> [Task description]:
Here is the task for the listing below: output exactly the lines from the one containing "Общий вид ТС" through the one containing "新潮澎湃起,扬帆正当时。在新", and leave out the pictures.

> [Extracted entries]:
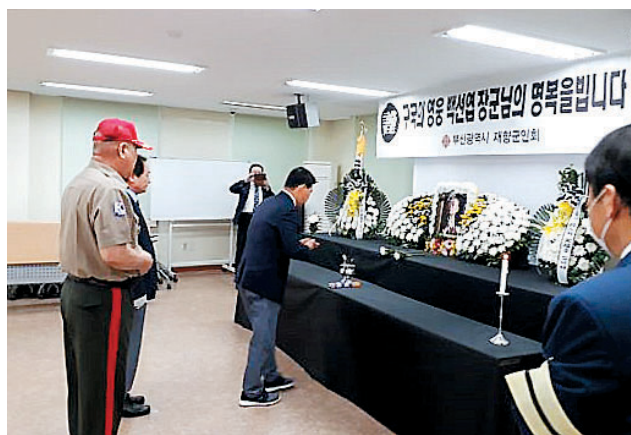
부산시 향군은 7월13일, 14일 향군회관에 백선엽 장군 추모 분향소를 설치하고 장군을 추모하고 위훈을 기렸다. 분향소에는 각급 기관단체장 및 안보 보훈단체장과 회원 그리고 향군 임직원 및 일반시민들의 추모 발길이 이어졌다.
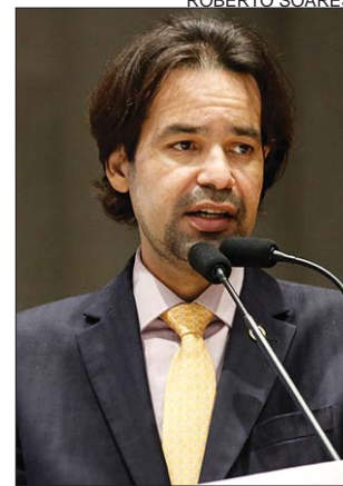
MORAES - 60 mil casos/ano

Socorro Pimentel registrou que Pernambuco é o Estado com a maior taxa de incidência da doença no Nordeste, com 53,84 novos casos para cada grupo de 100 mil mulheres. Ela apontou o descumprimento da Lei federal Nº 12.732/2012, que garante ao paciente com tumor maligno o direito ao primeiro tratamento no Sistema Único de Saúde (SUS) em até 60
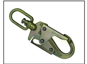
IKV 33 (ANSI Z.359.1-2007; CSA Z259.12-2011) mit Fallanzeiger
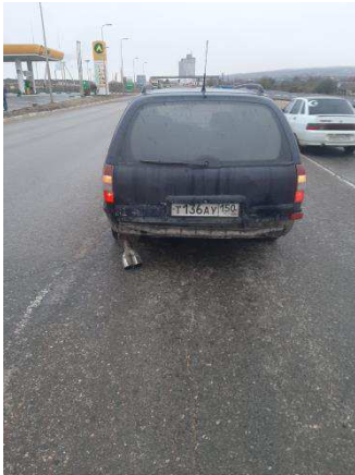
Общий вид ТС
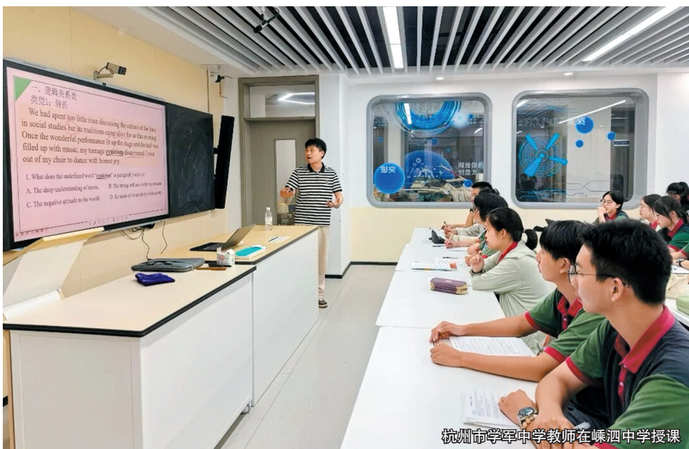
杭州市学军中学教师在嵊泗中学授课

新潮澎湃起,扬帆正当时。在新的起点上,浙江围绕“富民”,一体推进“强城”“兴村”“融合”,这场以缩小“三大差距”为路径,关乎城乡融合、共富先行示范的省域实践,正谱写出“干在实处,走在前列,勇立潮头”的美丽新诗篇!📍
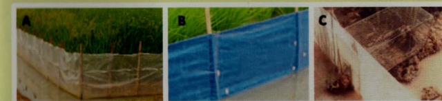
Gambar 3. Pagar plastik TBS dengan plastik bening (A), dan terpal (B). Bagian bawah pagar plastik selalu terendam air dan perhatikan posisi ajir bambu, dan Bubu perangkap dan cara pemasangannya (C).

TBS (Trap Barrier System) atau Sistem Bubu Perangkap terdiri atas: Tanaman perangkap yaitu padi yang ditanam 3 minggu lebih awal untuk menarik tikus dari sekitarnya. Petakan TBS berukuran 25m x 25m dikelilingi dengan pagar plastik, Pagar plastik atau terpal setinggi 60 cm ditegakkan dengan ajir bambu dan bagian bawahnya harus terendam air, agar tikus tidak mampu menerobosnya, Bubu perangkap, dipasang pada setiap sisi dalam TBS (menghadap keluar) dibuat dari ram kawat dengan ukuran 40cm x 20cm x 20cm.
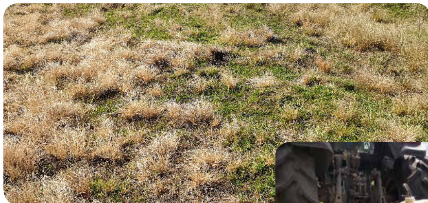
Fotos 8 y 9. Campo tratado con máquina de alfombra y máquina de alfombra

poración de especies forrajeras productivas para cubrir el suelo posteriormente a la eliminación de las plantas de Annoni. Es claro que en suelos superficiales como los del basalto, la posibilidad de recuperar la productividad del tapiz en base a pasturas sembradas, es una utopía. Por lo cual la mejor forma de control es la prevención.
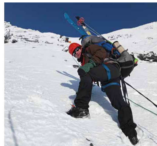
В горах Приполярного Урала

> [Solution for this problem]:
Общий вид ТС
杭州市学军中学教师在嵊泗中学授课

新潮澎湃起,扬帆正当时。在新的起点上,浙江围绕“富民”,一体推进“强城”“兴村”“融合”,这场以缩小“三大差距”为路径,关乎城乡融合、共富先行示范的省域实践,正谱写出“干在实处,走在前列,勇立潮头”的美丽新诗篇!📍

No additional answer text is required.